■ Exercise instructions: From the first line to the last, write out the records exactly, leaving the pictures behind.

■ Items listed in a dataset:
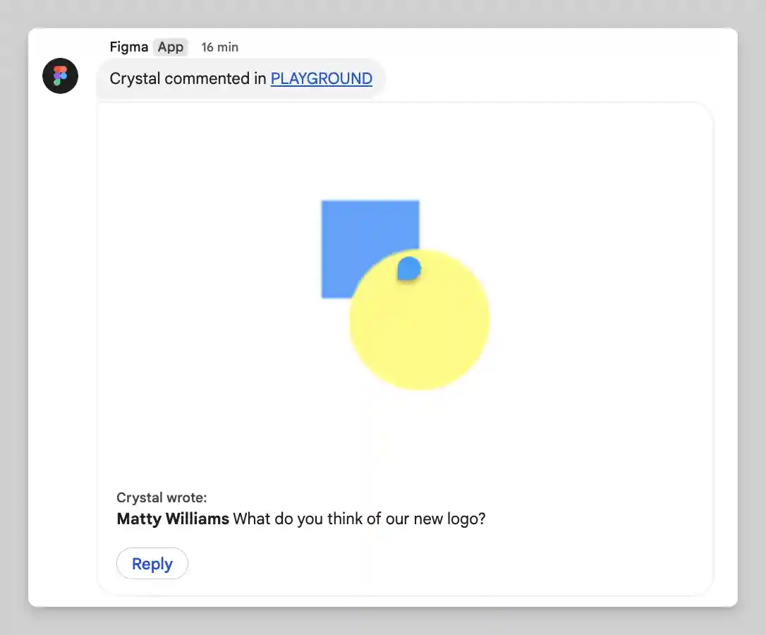 To reply to a comment, click Reply in the notification and enter a response. Your reply is added directly to the comment in the Figma file.
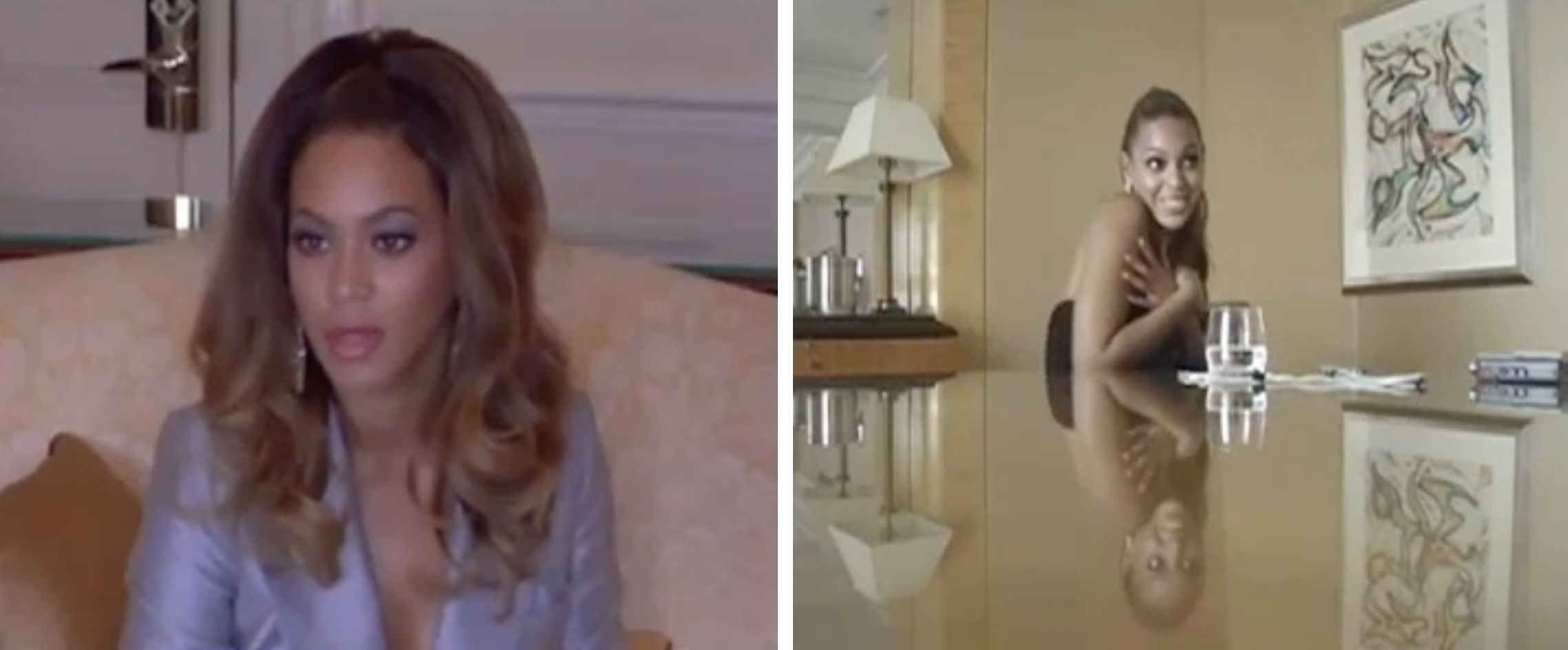 The short is arguably most interesting these days for its tone—strikingly ambivalent about fame itself—as well as its style—aligned in many ways with future Beyoncé projects. Included is an extended montage of the star doing interviews from the previous couple of years, which is to say fielding an onslaught of uninteresting and sometimes invasive questions: “Are you afraid of getting old?” “Does size matter?” “What about getting the ring on the finger?”
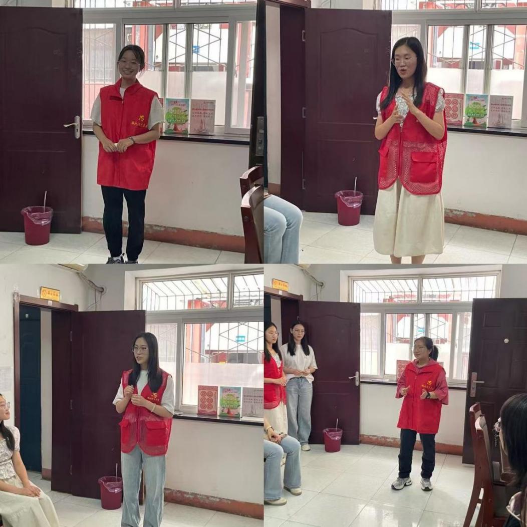 四位团队成员在宣读家庭教育知识
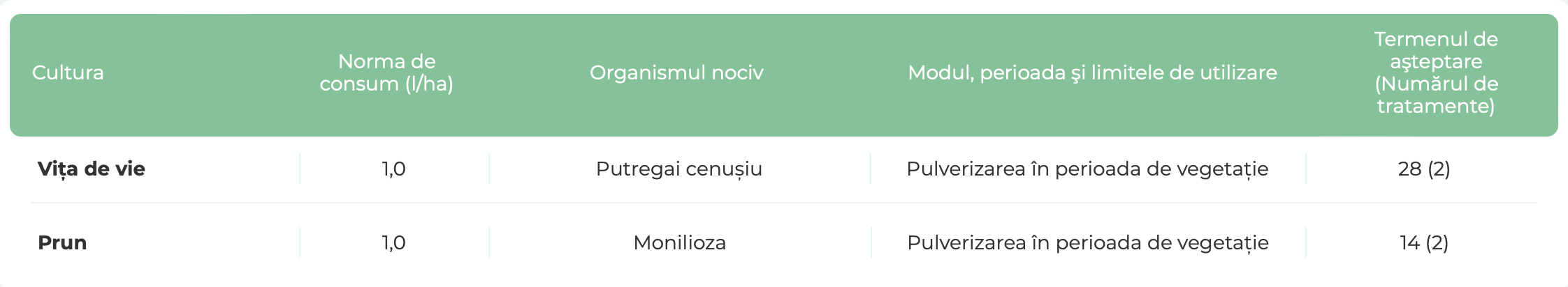 • Compatibilitate extinsă cu majoritatea pesticidelor și fertilizanților, asigurând o integrare ușoară în programele de protecție a plantelor.
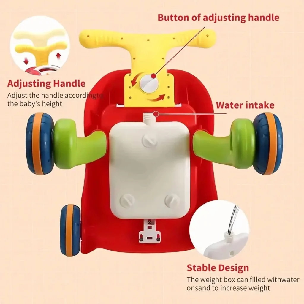 The 2-in-1 Smart Baby Walker + Activity Center combines safety, functionality, and fun for your baby’s first milestones. With a smooth swivel seat, adjustable height, and multi-directional wheels, it adapts as your child grows. The built-in activity center keeps your baby entertained while encouraging cognitive development. Designed to fold compactly for easy storage, it ensures your little one moves confidently, stays engaged, and enjoys endless exploration.
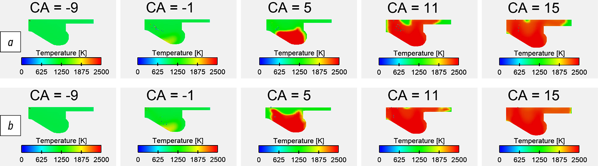 Рис. 7. Распределение температуры в цилиндре газодизеля ЯМЗ-53415, работающего на аммиаке с запальной дозой дизельного топлива 10% и различными добавками водорода: .
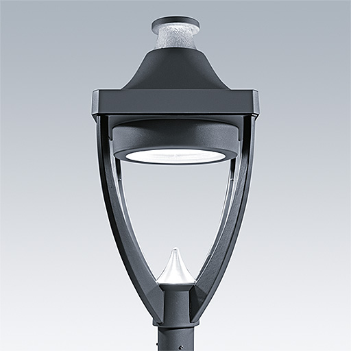 Lanterne LED patrimoine moderne Installation portée avec optique perforée pour créer un éclairage décoratif sur le dessus de la lanterne. Electronique. Classe électrique II, IP65, IK08. Corps : aluminium Moulage sous pression thermopoudré gris 900, finition texturé (close to RAL 7043). Boîtier : verre trempé plat. Protection contre les surtensions : 10 kV en mode commun single pulse et 8 kV en mode commun multipulse; 6 kV en mode différentiel multipulse. Si un système DALI est connecté: 6 kV en mode mode commun et mode différentiel multipulse. Livré avec LED 4 000 K.

■ Answer for this exercise:
 To reply to a comment, click Reply in the notification and enter a response. Your reply is added directly to the comment in the Figma file.
 The short is arguably most interesting these days for its tone—strikingly ambivalent about fame itself—as well as its style—aligned in many ways with future Beyoncé projects. Included is an extended montage of the star doing interviews from the previous couple of years, which is to say fielding an onslaught of uninteresting and sometimes invasive questions: “Are you afraid of getting old?” “Does size matter?” “What about getting the ring on the finger?”
 四位团队成员在宣读家庭教育知识
 • Compatibilitate extinsă cu majoritatea pesticidelor și fertilizanților, asigurând o integrare ușoară în programele de protecție a plantelor.
 The 2-in-1 Smart Baby Walker + Activity Center combines safety, functionality, and fun for your baby’s first milestones. With a smooth swivel seat, adjustable height, and multi-directional wheels, it adapts as your child grows. The built-in activity center keeps your baby entertained while encouraging cognitive development. Designed to fold compactly for easy storage, it ensures your little one moves confidently, stays engaged, and enjoys endless exploration.
 Рис. 7. Распределение температуры в цилиндре газодизеля ЯМЗ-53415, работающего на аммиаке с запальной дозой дизельного топлива 10% и различными добавками водорода: .
 Lanterne LED patrimoine moderne Installation portée avec optique perforée pour créer un éclairage décoratif sur le dessus de la lanterne. Electronique. Classe électrique II, IP65, IK08. Corps : aluminium Moulage sous pression thermopoudré gris 900, finition texturé (close to RAL 7043). Boîtier : verre trempé plat. Protection contre les surtensions : 10 kV en mode commun single pulse et 8 kV en mode commun multipulse; 6 kV en mode différentiel multipulse. Si un système DALI est connecté: 6 kV en mode mode commun et mode différentiel multipulse. Livré avec LED 4 000 K.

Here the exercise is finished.